Hat bis März 2012 Zeit, Versand nach Österreich sollte kein Problem sein!

Bitte um Angebote per PN

Danke Klaus


----------



## oskarwoodstock (4. Oktober 2011)

Suche nicht mehr, anscheinend gibts diese bikes nicht am Gebrauchtmarkt. Hab jetzt ein 20" KTM Wild Thing für meinen 4 1/2 jährigen gekauft. Ist noch etwas groß aber nächsten Frühling passt es perfekt. Ich wolte zwar ein bike ohne Federgabel, aber das KTM ist etwa gleich schwer wie CUBE, GIANT usw.
LG
Klaus


----------



## MTB-News.de




----------



## mike79 (5. Oktober 2011)

frisch von willhaben? , dürft wirklich noch sehr groß sein oder? Mein hat in dem Alter mit 16 zoll begonnen...


----------



## chris5000 (5. Oktober 2011)

> , dürft wirklich noch sehr groß sein oder?



Das kann schon gut hinhauen. Jetzt viereinhalb. Im März 5. Kinder sind bei identischem Alter sehr verschieden groß und haben auch bei gleicher größe noch sehr verschiedene Schrittlängen.
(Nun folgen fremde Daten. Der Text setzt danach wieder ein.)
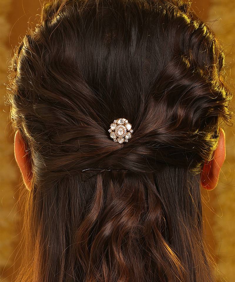 This Gold Plated Kundan Hair Clip Adds Traditional Elegance To Festive And Bridal Hairstyles. Crafted With Classic Kundan Detailing, It Enhances Buns, Braids, And Open Hair With A Refined Touch. Perfect For Weddings And Celebrations, This Accessory Brings Graceful Charm And A Luxurious Finish To Ethnic Looks.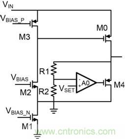 圖3:M4位于放大器反饋環路中、無輸出電容器的LDO。

Meiner Tochter hat ein 20" Beinn (large) zum 5ten Geburtstag sehr gut gepasst: Beide Füße gleichzeitig mit etwas mehr als den Zehenspitzen auf dem Boden. 
(wie groß ktm/cycletech/velotraum ausfallen weiß ich aber zugegebenermaßen nicht)


----------



## oskarwoodstock (6. Oktober 2011)

Das bike ist nicht von willhaben, gute gebrauchte 20er sind rar, es gibt hauptsächlich Schrott. Natürlich ist das Rad zzt. etwas zu groß aber ich wollte für ein paar Monate nicht noch ein 16er kaufen. Mein Kleiner ist übrigens gleich vom 12er auf das 20er umgestiegen, erstaunlicherweise ganz problemlos. 
Klaus


----------



## wefunkster (29. Oktober 2011)

Ich hab hier ein Islabikes Beinn 20 small, was als Tourer aufgebaut ist, mit Schutzblechen, Marathon Supreme Faltreifen (325g), Ergon GX1, Wellgo m111 (232g das PAAR!)
Die Fotos hier sind aktuell von heute und auch die wenigen Kratzer hab ich nicht unterschlagen:

*BEINN 20 Album klicken!*






Das Rad hat mich unterm Strich mit den zusätzlichen Teilen (vor allem die leichten Reifen) knapp 500 Euro gekostet; ist dafür aber auch endgeil und (wie auf den Bildern zu sehen) noch quasi neuwertig!

Haken: Ich warte noch (bis Montag) auf Antwort von einen Bekannten, dem ich eine Option auf das Bike gegeben hab. Ich nehme aber gerne schon ernsthafte Gebote dafür per PM entgegen.


----------